# bucking vs rearing?



## roro (Aug 14, 2009)

I have always thought that bucking is spooking, but that's just out of my experiences. I have ridden many horse bucks and they were all spooks, I have never had a horse do a big rear when they spooked. When a horse rears, to me, it shows some sort of physical pain or bad riding or bad training.


----------



## wild_spot (Jan 30, 2008)

It depends on the situation. If the horse feels blocked/trapped, they rear. A buck normally comes about because of leg ues the horse doesn't understand, or too strong leg cues, etc. 

Of course, both can come about because of pain.


----------



## Britt (Apr 15, 2008)

I've ridden buckers/rearers before...

In fact, my mare is a bucker. She bucks a few times every ride... when I first got her, it was because she'd learnt that if she could intimidate her riders, they'd eventually get off her... so she tried that with me... now her bucking is just a habit... doesn't even phase me anymore, and I can read her so well that I know when she's gonna buck and usually stop it.

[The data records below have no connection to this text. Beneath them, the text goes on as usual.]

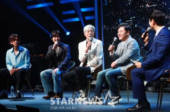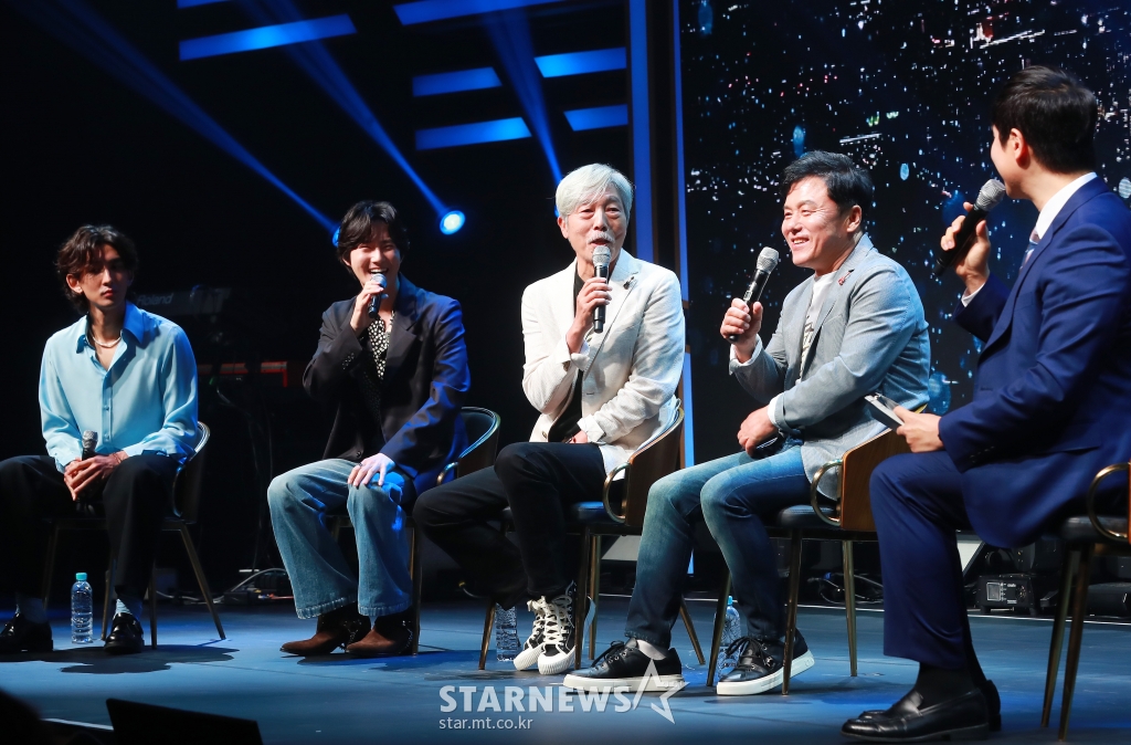 1980년대 대표 록밴드 '송골매'의 배철수, 구창모가 6일 오후 서울 마포구 메세나폴리스 신한플레이 스퀘어에서 진행된 '2022 송골매 전국투어 콘서트 : 열망' 기자간담회에서 후배가수 최종훈, 수호 등과 함께 질문에 답하고 있다.
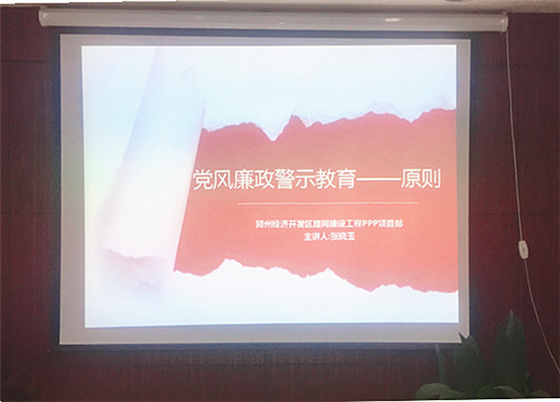 为进一步推进党风廉政建设工作,筑牢安全防线,颍州经济开发区路网建设工程PPP项目项目部于2018年12月24日对项目部员工进行廉政警示教育学习,本次教育活动主题为《无惧权势,坚守原则》。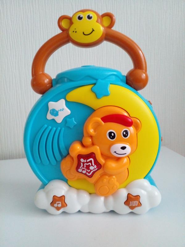 Проектор в коробке Проектор-ночник «Мишка на луне» подарит незабываемые ощущение малышу и наполнит комнату волшебством и приятной атмосферой для отдыха.При включении игрушки, луна светится. Каждая кнопка, которые выполнены в виде звездочки, запускает звуковые эффекты: приятные мелодии, звуки природы и колыбельные. В разных режимах есть возможность совмещать несколько звуковых эффектов сразу. Переключатель режимов находится на корпусе игрушки сбоку. Там же вы найдете кнопку, которая запускает проектор и способы его работы (с мелодией и без).Проектор выводит красочное изображение с графикой Full HD. Животные по очереди сменяют друг друга и веселят маленького непоседу.Работает игрушка от 4х батареек 1.5V АА типа (не входят в комплект). Состояние идеальное, есть родная коробка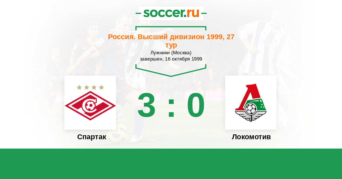 Россия. Премьер-Лига 27.06.1999 Локомотив Логотип футбольный клуб Локомотив (Москва) 0:3 Логотип футбольный клуб Спартак (Москва) Спартак
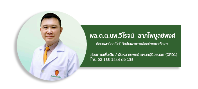 ให้ความรู้โดย : นายแพทย์วิโรจน์ ลาภไพบูลย์พงศ์ (แพทย์เฉพาะทางกระดูกและข้อ)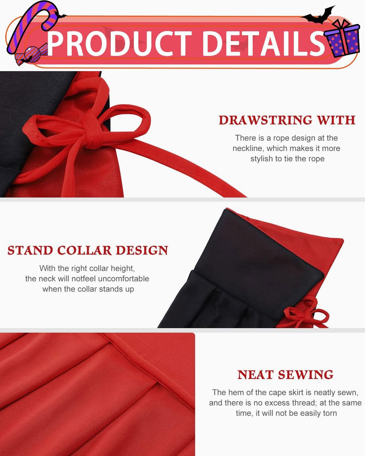 Materiale Di Alta Qualità: il mantello è realizzato in materiale lavorato a maglia di alta qualità, comodo, morbido, traspirante e resistente Mantello Rimovibile: la corda sul mantello può fissare efficacemente il mantello e non verrà spazzata via dal vento e il mantello può essere rimosso Mantello A Doppio Strato: il mantello ha un doppio cappuccio, nero da un lato e rosso dall'altro. Puoi scegliere il colore in base ai tuoi desideri Ampiamente Usato: adatto per feste di Halloween, carnevale, streghe, giochi di ruolo sui vampiri, molto bello e molto popolare Dimensioni: 90 cm di lunghezza, si prega di scegliere in base alla propria altezza, non adatto solo per adulti, ma anche per adolescenti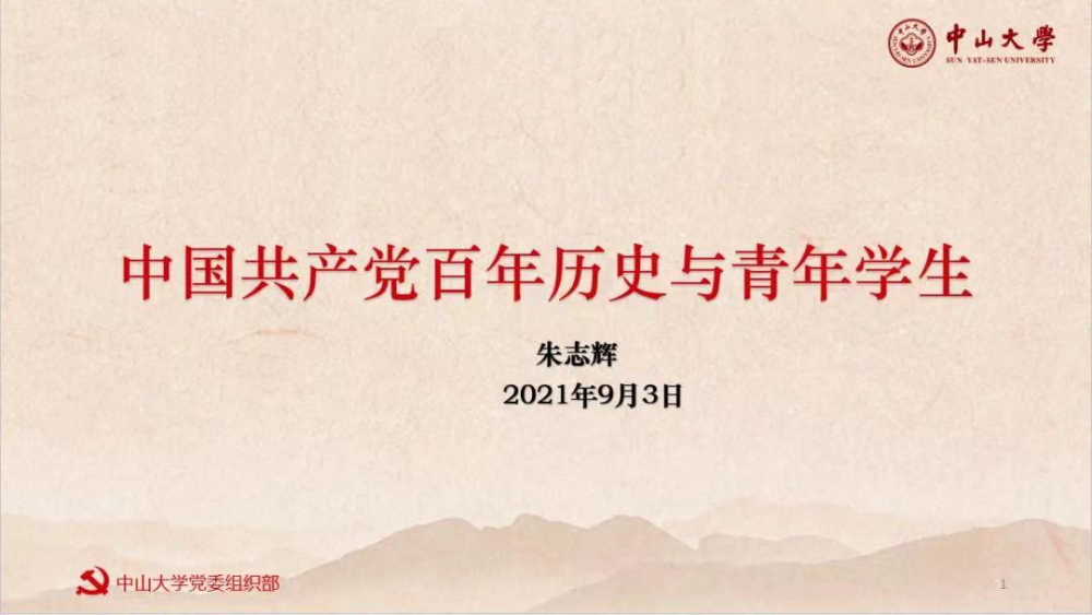 随后,朱志辉老师对研究生新生进行了党史教育。朱老师从《觉醒年代》这部电视剧引入建党历程,回顾了中大师生在中大建校与发展历史中,积极加入到党组织中为中国人民谋幸福、为中华民族谋复兴所付出的努力,希望新中大人承担起新时代赋予青年的历史责任与使命,强调新时代青年要增强做中国人的志气、骨气跟底气。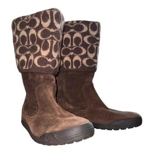 Step into winter with Coach's stylish brown boots, featuring a sophisticated monogram print and luxu... Show more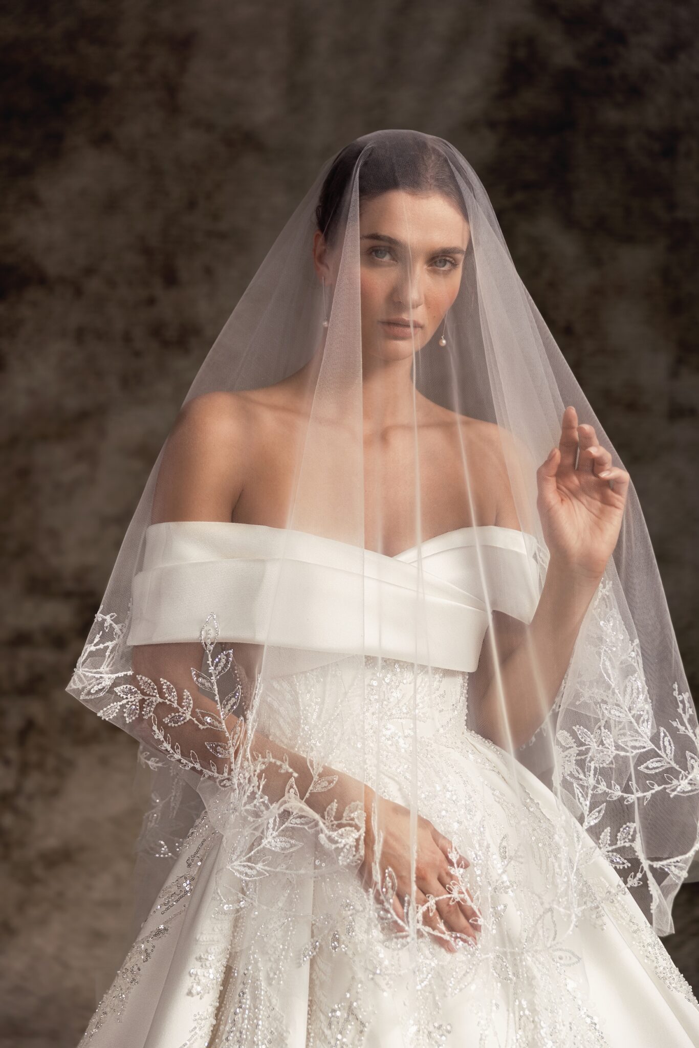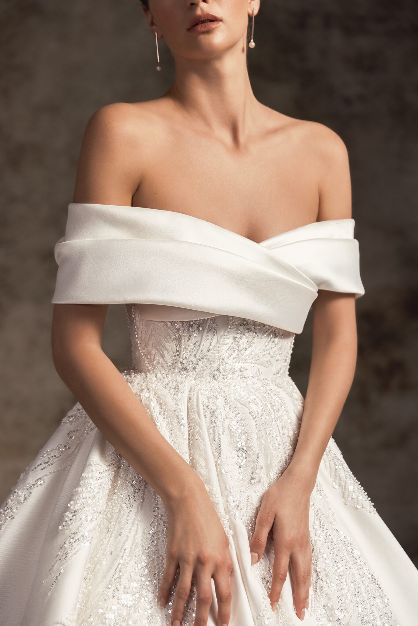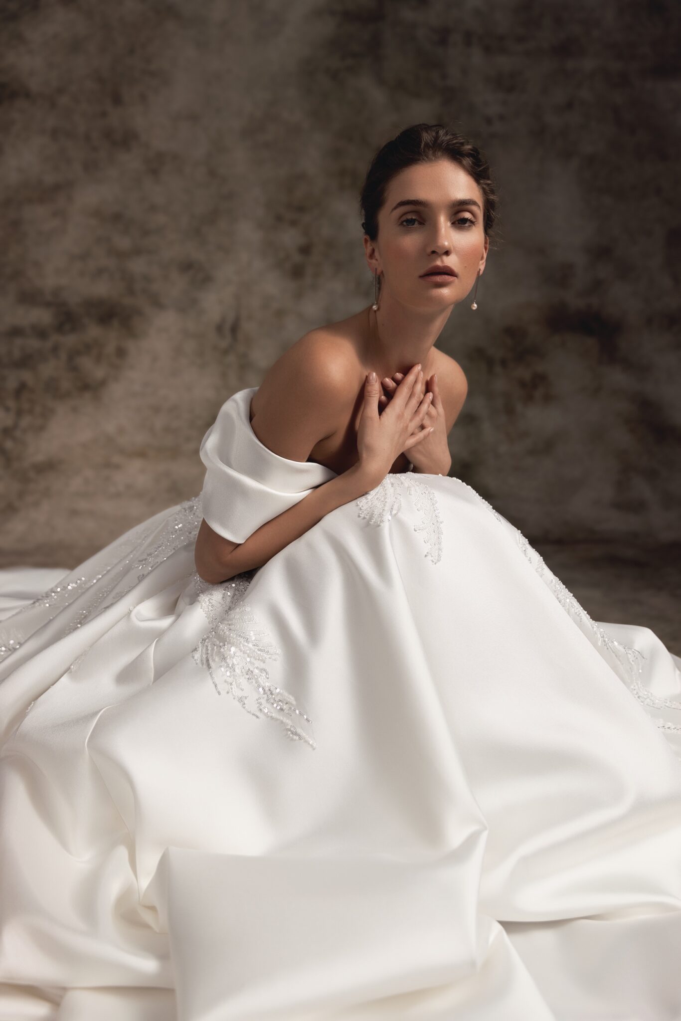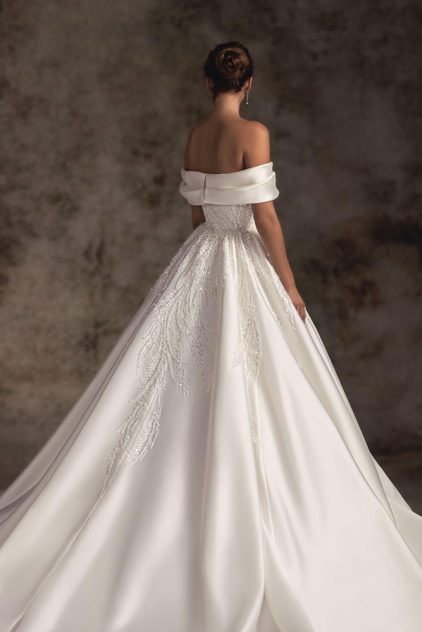 Ця бальна сукня зі стильного атласу прикрашена ніжною ручною вишивкою та має чарівний виріз на плечі, який переходить на спину з двома м’якими складками. Витончений облігаючий корсет переходить у величезну повну спідницю з атласу, завершену шлейфом у формі кінчика.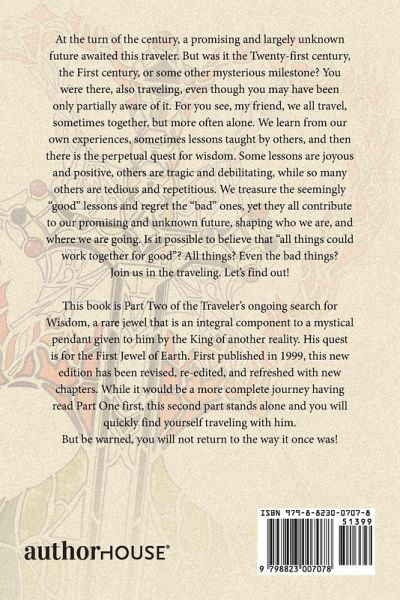 At the turn of the century, a promising and largely unknown future awaited this traveler. But was it the Twenty-first century, the First century, or some other mysterious milestone? You were there, also traveling, even though you may have been only partially aware of it. For you see, my friend, we all travel, sometimes together, but more often alone. We learn from our own experiences, sometimes lessons taught by others, and then there is the perpetual quest for wisdom. Some lessons are joyous and positive, others are tragic and debilitating, while so many others are tedious and repetitious. We treasure the seemingly 'good' lessons and regret the 'bad' ones, yet they all contribute to our promising and unknown future, shaping who we are and where we are going. Is it possible to believe that "all things could work together for good"? All things? Even the bad things? Join us in the traveling. Let's find out! This book is Part Two of the Traveler's ongoing search for Wisdom, a rare jewel that is an integral component to a mystical pendant given to him by the King of another reality. His quest is for the First Jewel of Earth. First published in 1999, this new edition has been revised, re-edited, and refreshed with new chapters. While it would be a more complete journey having read Part One first, this second part stands alone and you will quickly find yourself traveling with him. But be warned, you will not return to the way it once was!

With rearers... well, all the rears I've ever ridden were either because something scared the horse of, when my friends and I used to race, the geldin I'd ride would rear up and take off...


----------



## Liberty Valance (Jul 13, 2009)

I think some of it is personality...like when you're watching them in the pasture and you can see which way they go, but then there are other factors when they're under saddle...Like if the rider has too much hand in the horse's mouth, the horse may rear because that's the only direction it can go to get away from the pressure of the bit. But if the leg is too heavy or annoying, the horse may buck for the same reason...moving in the opposite direction of whatever it wants to get away from. If it's a fear-induced reaction, I would imagine it would have everything to do with where the threat lay...in front the horse would rear, behind or above the horse would most likely buck, I'd think.


----------



## Kayty (Sep 8, 2009)

Hate rearers, sorry! It's far more dangerous than bucking, rearers are evading pressure by not going forward, at least with bucking you can give them a good whack and make them go forward. Rearers can flip over backwards, land on you etc. If you come off you're pretty much always going to come off backwards and they can give you a good boot in the head on your way down, where as buckers tend to throw you clear. 
As for why they rear, generally rearers are the ones that won't get off your leg. They're evading going forward by going up. I absolutely do not stand for a horse going up to evade pressure, particuarly if it's a regular occurance. 
I'd be putting spurs on and carrying a whip, and the second she stops get right up her. Might even help to have someone behind her with a lunge whip to help get her going forward. Rearing is not on, neither is bucking, but again, I'd prefer a buck to a rear.


----------



## CloudsMystique (Mar 3, 2009)

I think it depends mostly on whether the behavioral problem occurs while the horse is moving or standing still. Horses don't rear while they're moving (or if they are moving, they have to stop to rear), and I almost never see horses buck at a standstill.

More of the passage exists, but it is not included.